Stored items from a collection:
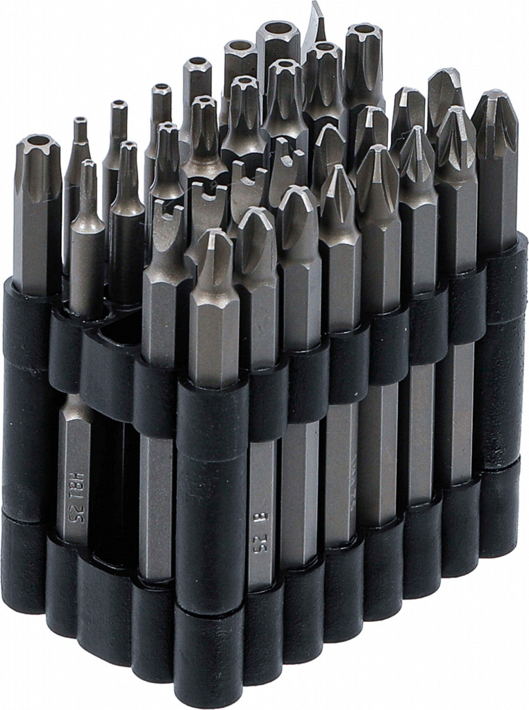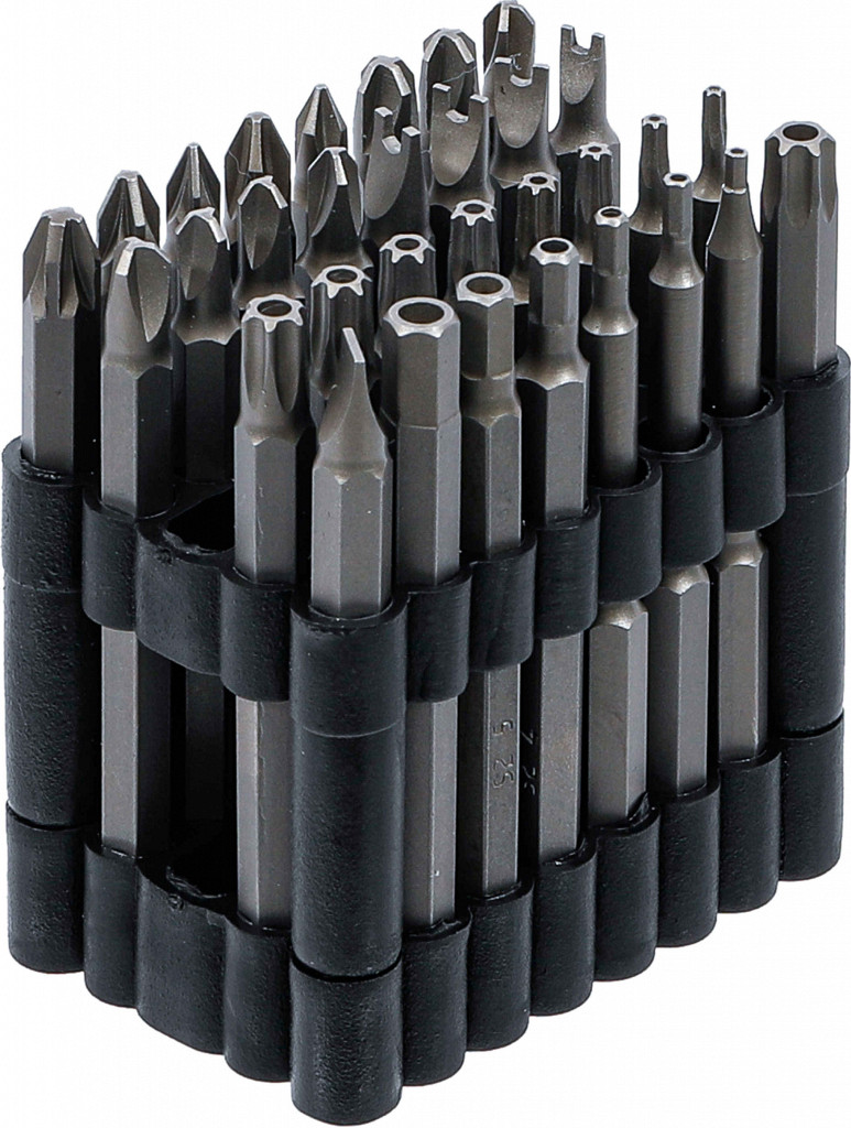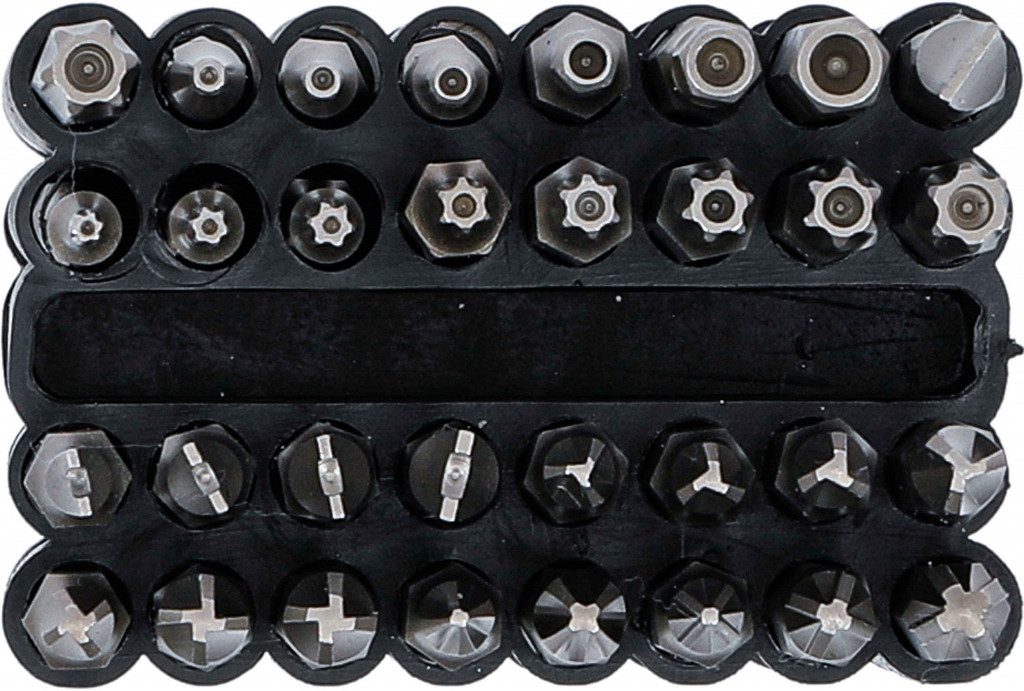Komplet varnostnih bitov za električne vrtalnike. Vsebina: 9 T-Star tamperproof T8–T40, 6 imbus tamperproof 2–6 mm, 3 štirikrilni offset 6–10 mm, 4 vilasti 4–10 mm, 4 trikrilni 1–4, 3 križni PZ1–PZ3, 2 križni PH1–PH2, 1 ploščati SL6 mm.
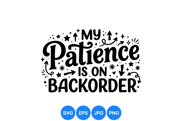 Hand lettering typography stating my patience is on backorder surrounded by arrows stars and dots in black and white vector style suitable for motivational and humorous design projects
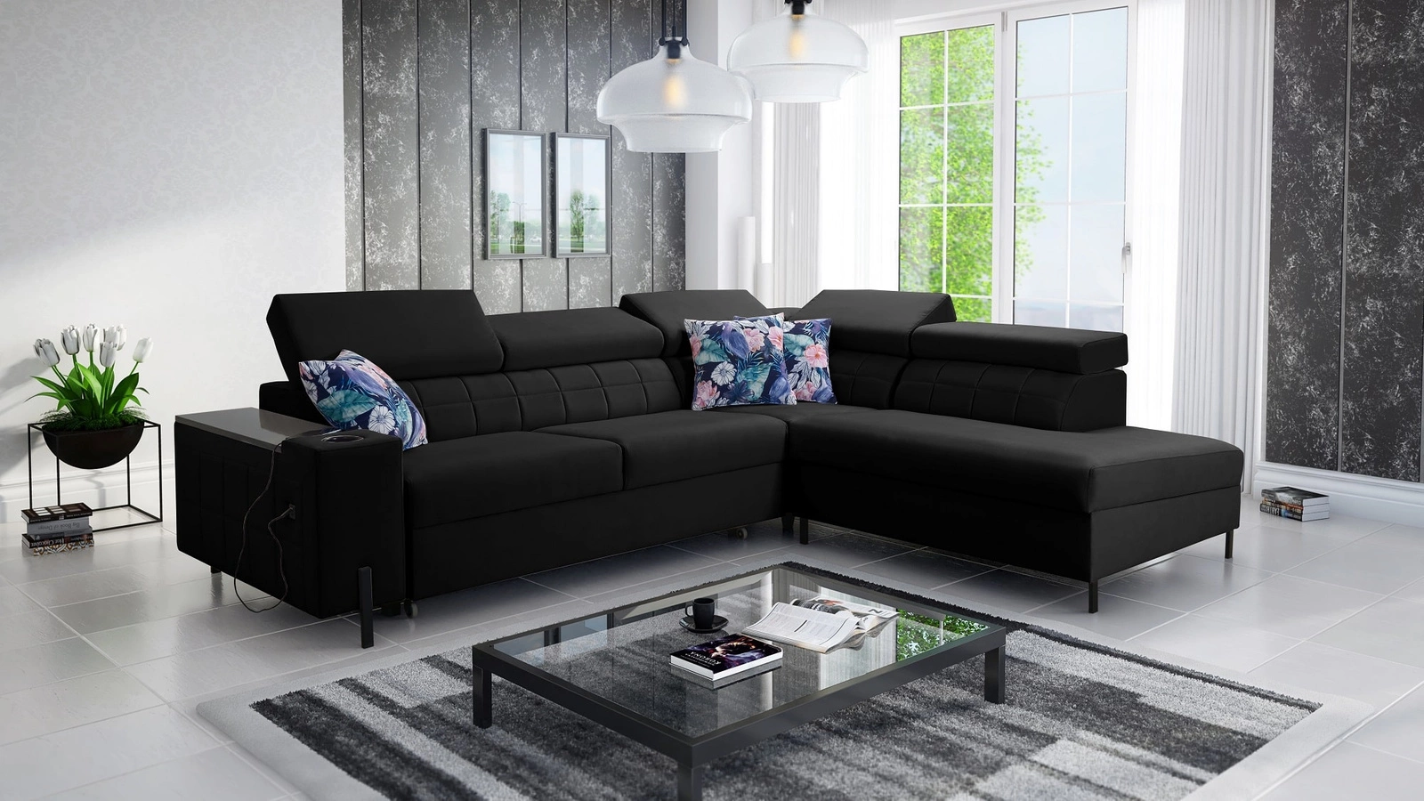 Narożnik z funkcją spania Belvi III czarny prawostronny komfortowy i elegancki narożnik do salonu z praktycznym schowkiem w boczku
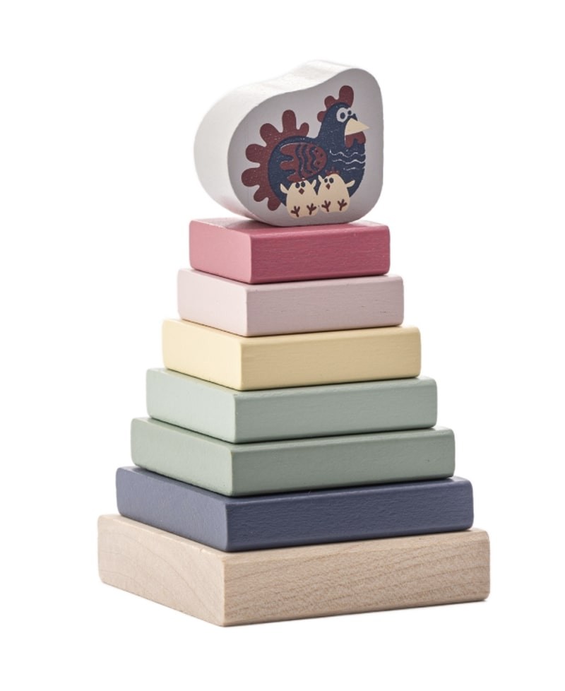 Among the delicate pastel shades on each of the 7 pieces, your child will find not only a variety of colours and sizes, but also a cute image of a hen with chicks. This real highlight stimulates curiosity and imagination. The base and each element are created with your baby in mind: softly sanded, easy to grasp, and pleasant to the touch.
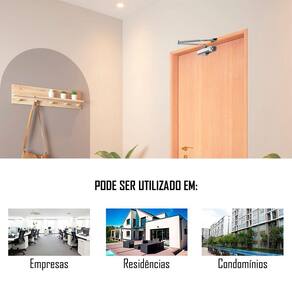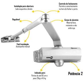- Mola / Amortecedor indicada para fechamento automático de portas de madeira, portas de alumínio e portões de até 80 cm, com massa de 25 kg a 45 kg;
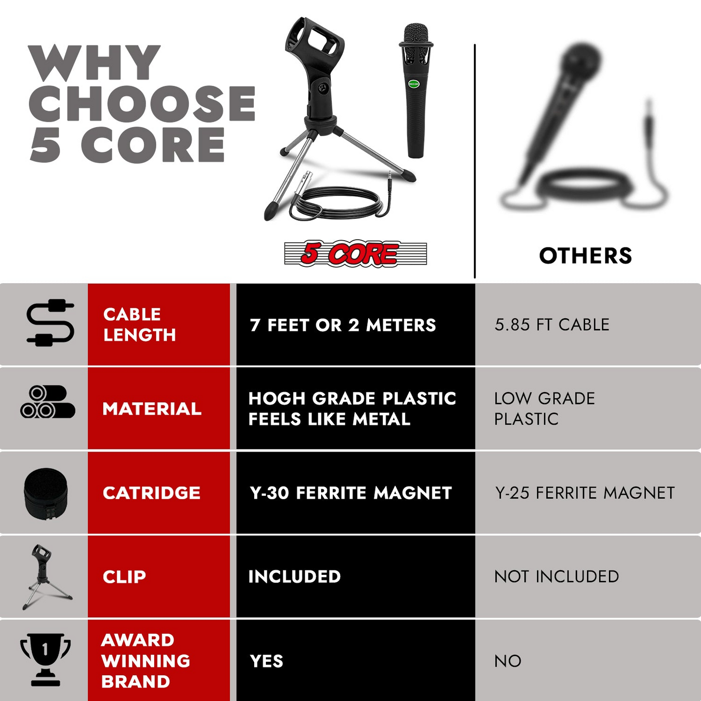 5Core XLR Microphone Dynamic Mic Karaoke Singing Studio Mics Handheld Microfono
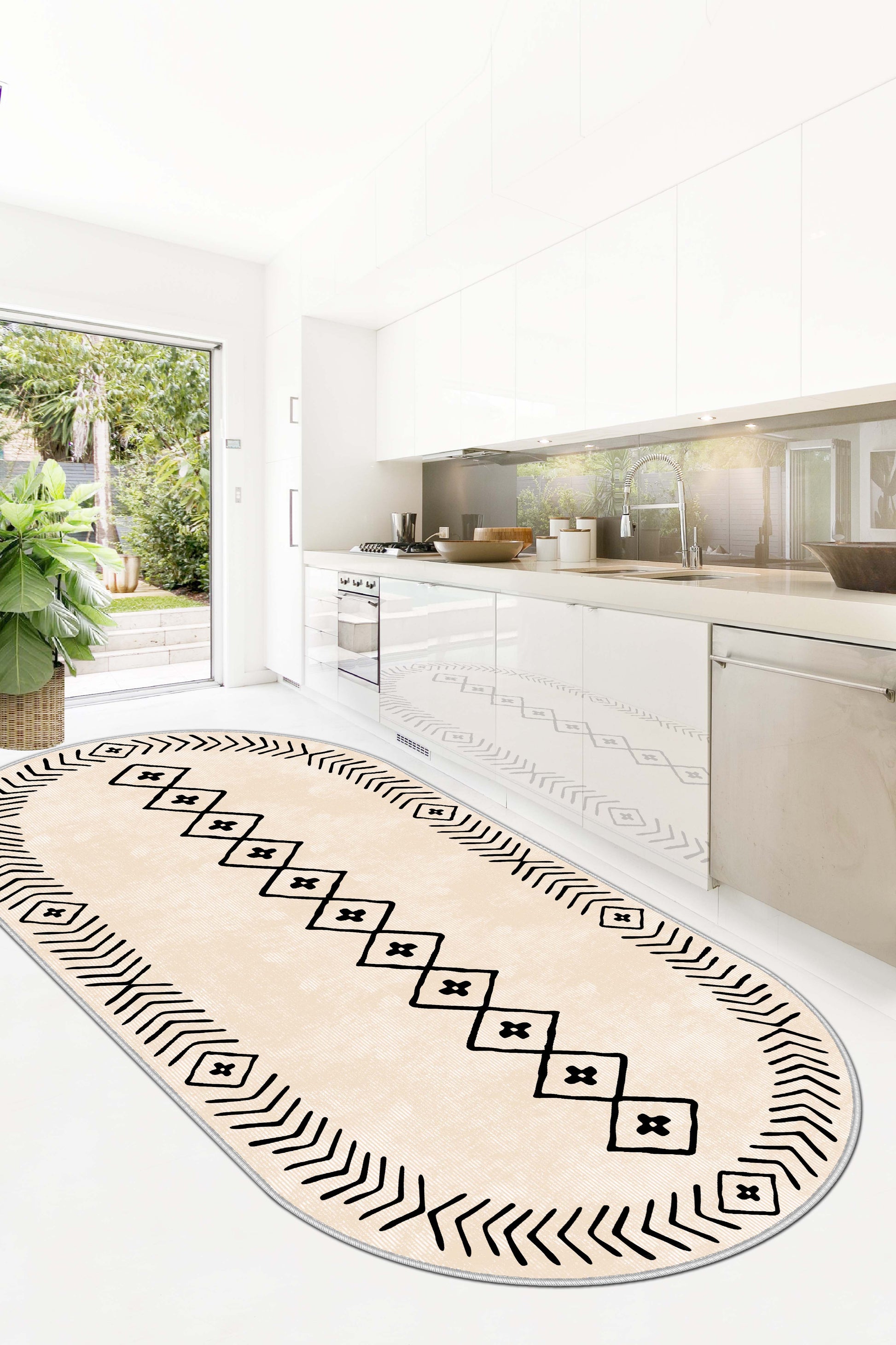 West Home Dijital Baskılı Yıkanabilir Kaymaz Taban Salon, Mutfak ve Yolluk Halısı-586 Beige
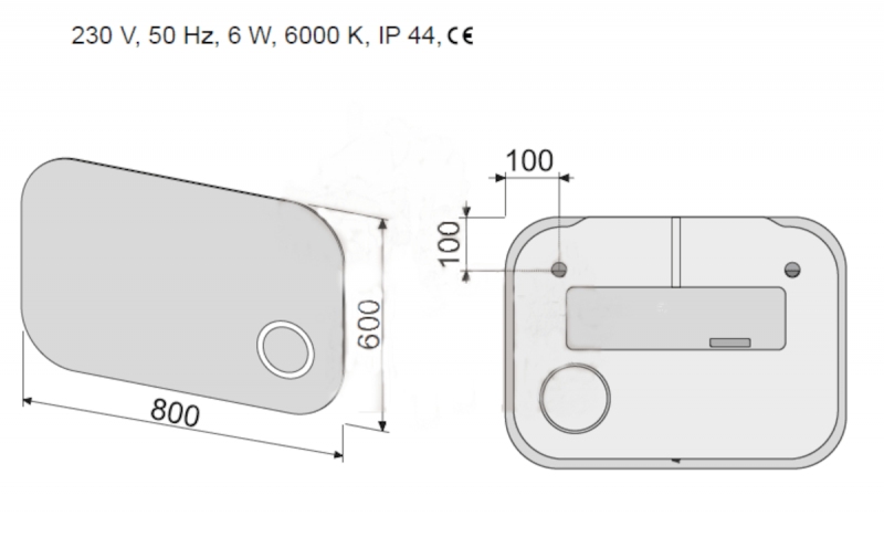 Obdélníkové zrcadlo s LED osvětlením o rozměru 60x80 cm. Barevná teplota osvětlení je 6 000 K (chladnější bílá). S krytím IP44, je chráněno proti stříkající vodě.
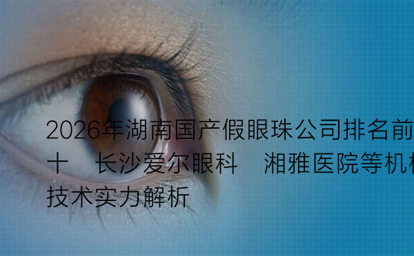 二、 2026年湖南国产假眼珠公司排名前十

— The task —
The expected output is each entry given again word for word, with pictures dropped.

— Written answer —
Komplet varnostnih bitov za električne vrtalnike. Vsebina: 9 T-Star tamperproof T8–T40, 6 imbus tamperproof 2–6 mm, 3 štirikrilni offset 6–10 mm, 4 vilasti 4–10 mm, 4 trikrilni 1–4, 3 križni PZ1–PZ3, 2 križni PH1–PH2, 1 ploščati SL6 mm.
 Hand lettering typography stating my patience is on backorder surrounded by arrows stars and dots in black and white vector style suitable for motivational and humorous design projects
 Narożnik z funkcją spania Belvi III czarny prawostronny komfortowy i elegancki narożnik do salonu z praktycznym schowkiem w boczku
 Among the delicate pastel shades on each of the 7 pieces, your child will find not only a variety of colours and sizes, but also a cute image of a hen with chicks. This real highlight stimulates curiosity and imagination. The base and each element are created with your baby in mind: softly sanded, easy to grasp, and pleasant to the touch.
- Mola / Amortecedor indicada para fechamento automático de portas de madeira, portas de alumínio e portões de até 80 cm, com massa de 25 kg a 45 kg;
 5Core XLR Microphone Dynamic Mic Karaoke Singing Studio Mics Handheld Microfono
 West Home Dijital Baskılı Yıkanabilir Kaymaz Taban Salon, Mutfak ve Yolluk Halısı-586 Beige
 Obdélníkové zrcadlo s LED osvětlením o rozměru 60x80 cm. Barevná teplota osvětlení je 6 000 K (chladnější bílá). S krytím IP44, je chráněno proti stříkající vodě.
 二、 2026年湖南国产假眼珠公司排名前十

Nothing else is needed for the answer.